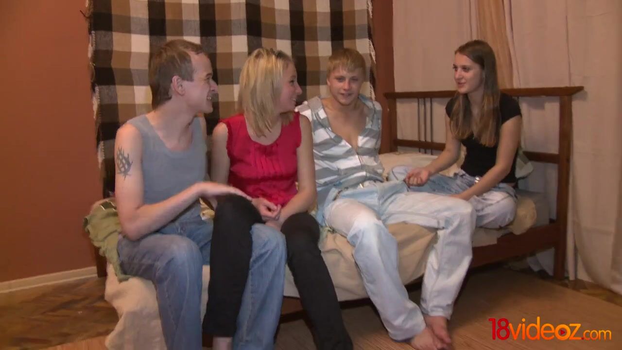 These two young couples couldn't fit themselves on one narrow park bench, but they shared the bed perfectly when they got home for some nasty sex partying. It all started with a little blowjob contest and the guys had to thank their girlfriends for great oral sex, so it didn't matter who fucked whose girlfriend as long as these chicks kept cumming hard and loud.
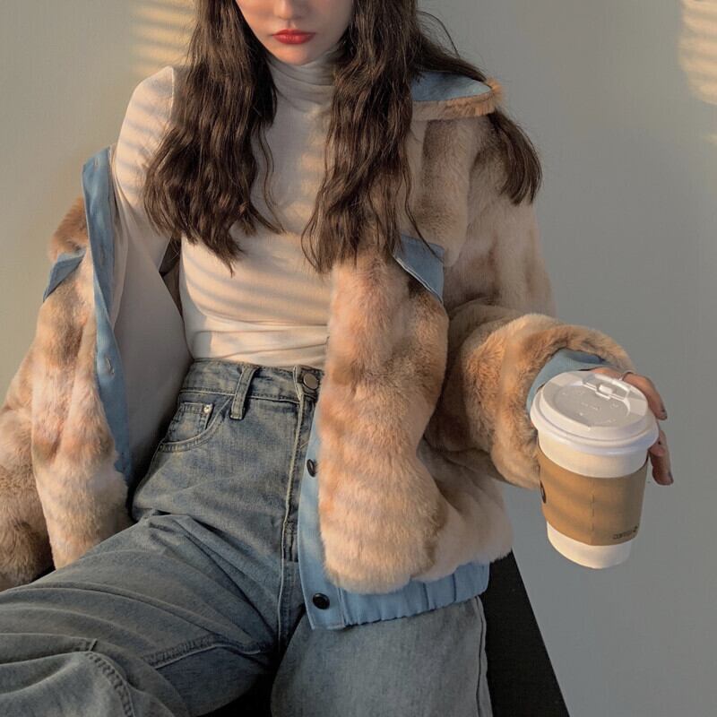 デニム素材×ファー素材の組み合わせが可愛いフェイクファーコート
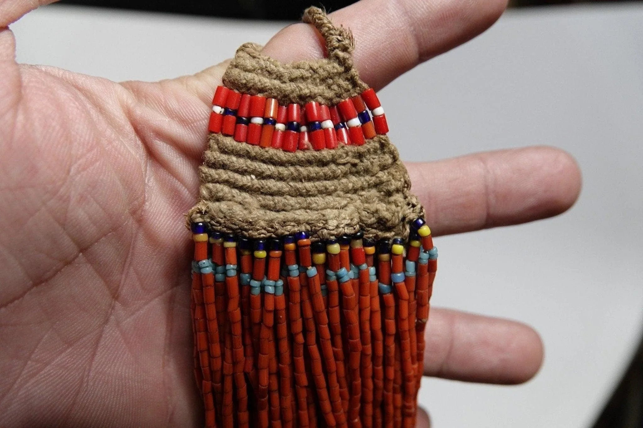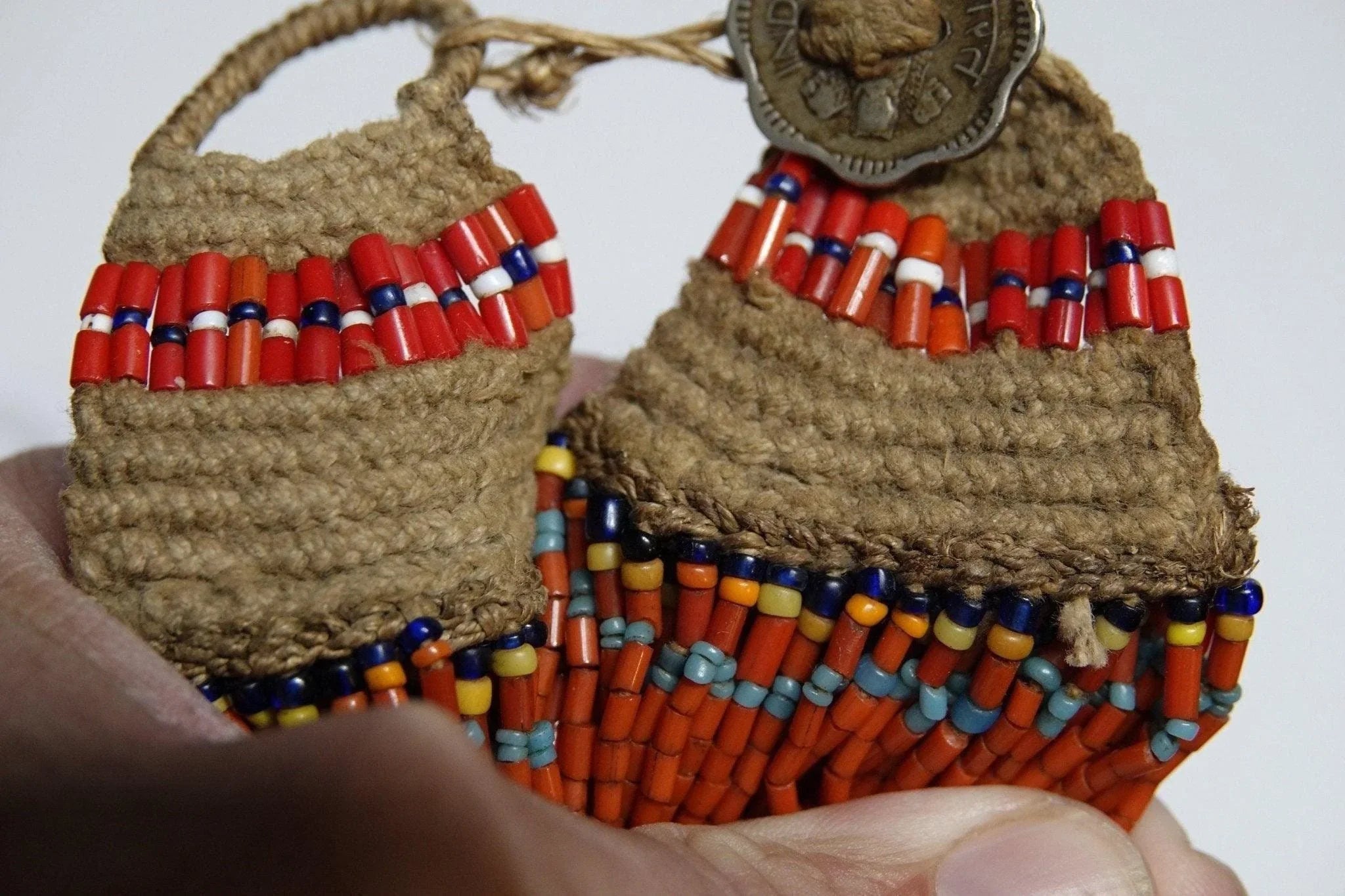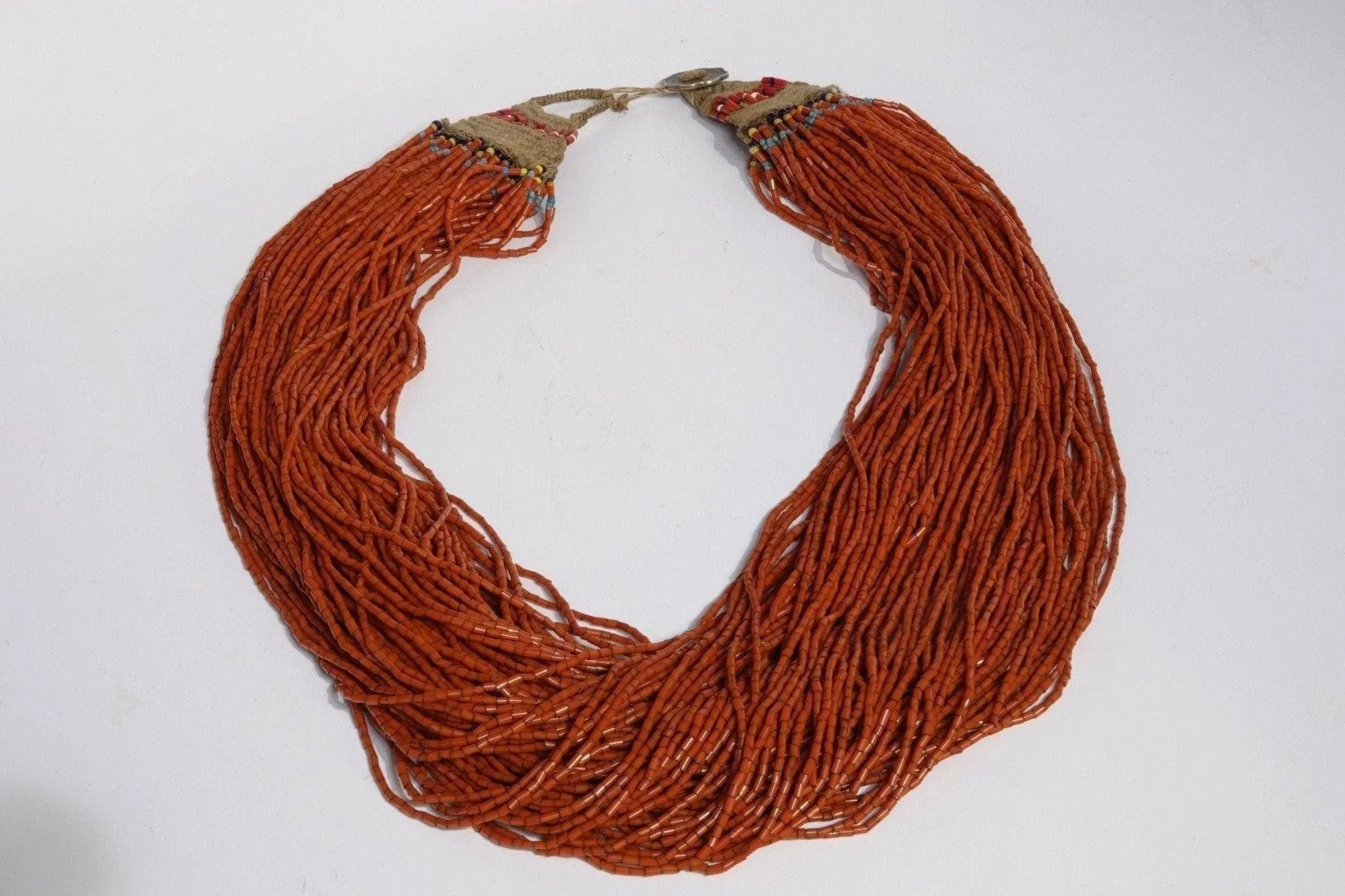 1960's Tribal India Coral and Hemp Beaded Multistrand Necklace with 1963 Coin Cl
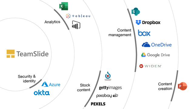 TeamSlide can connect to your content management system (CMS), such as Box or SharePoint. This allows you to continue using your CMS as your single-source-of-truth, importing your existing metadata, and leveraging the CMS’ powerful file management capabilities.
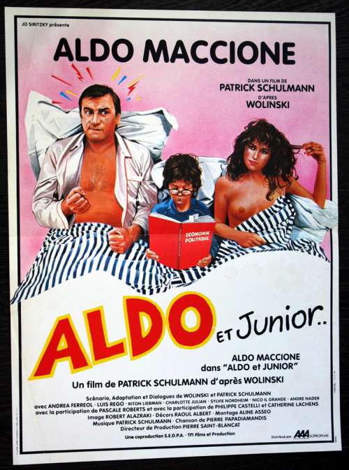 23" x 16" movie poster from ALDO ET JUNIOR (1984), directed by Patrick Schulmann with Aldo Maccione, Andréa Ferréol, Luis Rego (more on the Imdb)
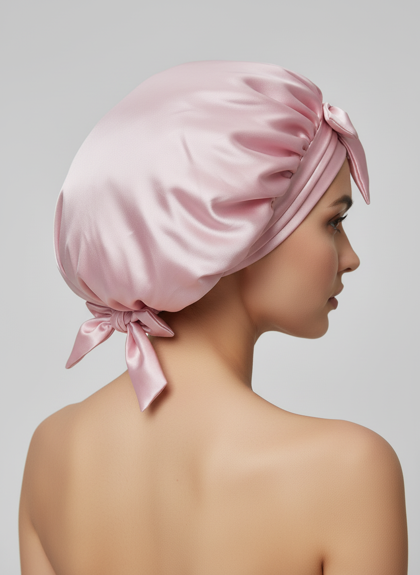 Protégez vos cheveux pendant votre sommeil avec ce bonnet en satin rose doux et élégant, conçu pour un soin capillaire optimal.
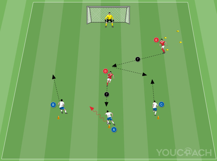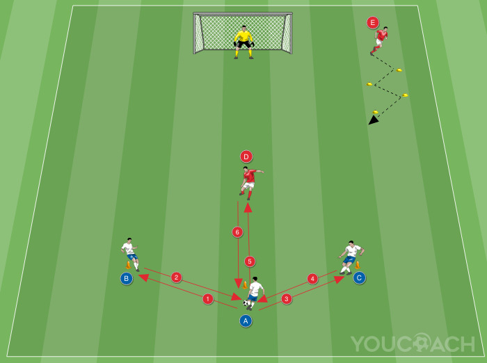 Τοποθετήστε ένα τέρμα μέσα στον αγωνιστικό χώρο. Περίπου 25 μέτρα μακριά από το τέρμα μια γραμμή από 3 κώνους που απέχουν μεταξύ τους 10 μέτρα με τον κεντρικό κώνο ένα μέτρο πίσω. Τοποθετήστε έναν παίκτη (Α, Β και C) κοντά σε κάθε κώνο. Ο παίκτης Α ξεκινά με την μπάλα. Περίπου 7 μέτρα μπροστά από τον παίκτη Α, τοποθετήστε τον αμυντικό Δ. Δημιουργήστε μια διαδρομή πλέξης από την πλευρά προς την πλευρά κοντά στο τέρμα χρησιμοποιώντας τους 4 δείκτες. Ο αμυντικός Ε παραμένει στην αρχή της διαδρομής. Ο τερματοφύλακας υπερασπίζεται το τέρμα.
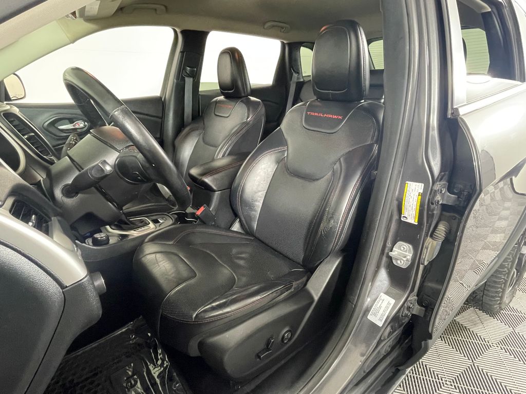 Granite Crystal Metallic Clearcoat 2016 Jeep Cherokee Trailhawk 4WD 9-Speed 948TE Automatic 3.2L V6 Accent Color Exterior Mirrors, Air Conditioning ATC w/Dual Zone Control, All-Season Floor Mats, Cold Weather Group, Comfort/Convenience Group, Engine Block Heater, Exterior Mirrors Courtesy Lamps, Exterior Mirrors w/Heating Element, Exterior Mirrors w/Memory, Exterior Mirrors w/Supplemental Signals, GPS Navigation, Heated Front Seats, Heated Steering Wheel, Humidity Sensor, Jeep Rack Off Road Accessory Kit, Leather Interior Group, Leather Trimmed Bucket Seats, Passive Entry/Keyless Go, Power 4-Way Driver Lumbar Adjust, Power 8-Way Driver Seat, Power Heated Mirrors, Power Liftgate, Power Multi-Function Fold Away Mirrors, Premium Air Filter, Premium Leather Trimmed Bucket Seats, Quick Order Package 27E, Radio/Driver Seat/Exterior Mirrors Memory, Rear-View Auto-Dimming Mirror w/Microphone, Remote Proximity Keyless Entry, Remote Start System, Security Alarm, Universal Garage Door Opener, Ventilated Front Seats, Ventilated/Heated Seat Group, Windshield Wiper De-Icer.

--------------------

(EXERCISE GOAL)
Could you retype every record above exactly, leaving the pictures out?

(RESPONSE)
 These two young couples couldn't fit themselves on one narrow park bench, but they shared the bed perfectly when they got home for some nasty sex partying. It all started with a little blowjob contest and the guys had to thank their girlfriends for great oral sex, so it didn't matter who fucked whose girlfriend as long as these chicks kept cumming hard and loud.
 デニム素材×ファー素材の組み合わせが可愛いフェイクファーコート
 1960's Tribal India Coral and Hemp Beaded Multistrand Necklace with 1963 Coin Cl
 TeamSlide can connect to your content management system (CMS), such as Box or SharePoint. This allows you to continue using your CMS as your single-source-of-truth, importing your existing metadata, and leveraging the CMS’ powerful file management capabilities.
 23" x 16" movie poster from ALDO ET JUNIOR (1984), directed by Patrick Schulmann with Aldo Maccione, Andréa Ferréol, Luis Rego (more on the Imdb)
 Protégez vos cheveux pendant votre sommeil avec ce bonnet en satin rose doux et élégant, conçu pour un soin capillaire optimal.
 Τοποθετήστε ένα τέρμα μέσα στον αγωνιστικό χώρο. Περίπου 25 μέτρα μακριά από το τέρμα μια γραμμή από 3 κώνους που απέχουν μεταξύ τους 10 μέτρα με τον κεντρικό κώνο ένα μέτρο πίσω. Τοποθετήστε έναν παίκτη (Α, Β και C) κοντά σε κάθε κώνο. Ο παίκτης Α ξεκινά με την μπάλα. Περίπου 7 μέτρα μπροστά από τον παίκτη Α, τοποθετήστε τον αμυντικό Δ. Δημιουργήστε μια διαδρομή πλέξης από την πλευρά προς την πλευρά κοντά στο τέρμα χρησιμοποιώντας τους 4 δείκτες. Ο αμυντικός Ε παραμένει στην αρχή της διαδρομής. Ο τερματοφύλακας υπερασπίζεται το τέρμα.
 Granite Crystal Metallic Clearcoat 2016 Jeep Cherokee Trailhawk 4WD 9-Speed 948TE Automatic 3.2L V6 Accent Color Exterior Mirrors, Air Conditioning ATC w/Dual Zone Control, All-Season Floor Mats, Cold Weather Group, Comfort/Convenience Group, Engine Block Heater, Exterior Mirrors Courtesy Lamps, Exterior Mirrors w/Heating Element, Exterior Mirrors w/Memory, Exterior Mirrors w/Supplemental Signals, GPS Navigation, Heated Front Seats, Heated Steering Wheel, Humidity Sensor, Jeep Rack Off Road Accessory Kit, Leather Interior Group, Leather Trimmed Bucket Seats, Passive Entry/Keyless Go, Power 4-Way Driver Lumbar Adjust, Power 8-Way Driver Seat, Power Heated Mirrors, Power Liftgate, Power Multi-Function Fold Away Mirrors, Premium Air Filter, Premium Leather Trimmed Bucket Seats, Quick Order Package 27E, Radio/Driver Seat/Exterior Mirrors Memory, Rear-View Auto-Dimming Mirror w/Microphone, Remote Proximity Keyless Entry, Remote Start System, Security Alarm, Universal Garage Door Opener, Ventilated Front Seats, Ventilated/Heated Seat Group, Windshield Wiper De-Icer.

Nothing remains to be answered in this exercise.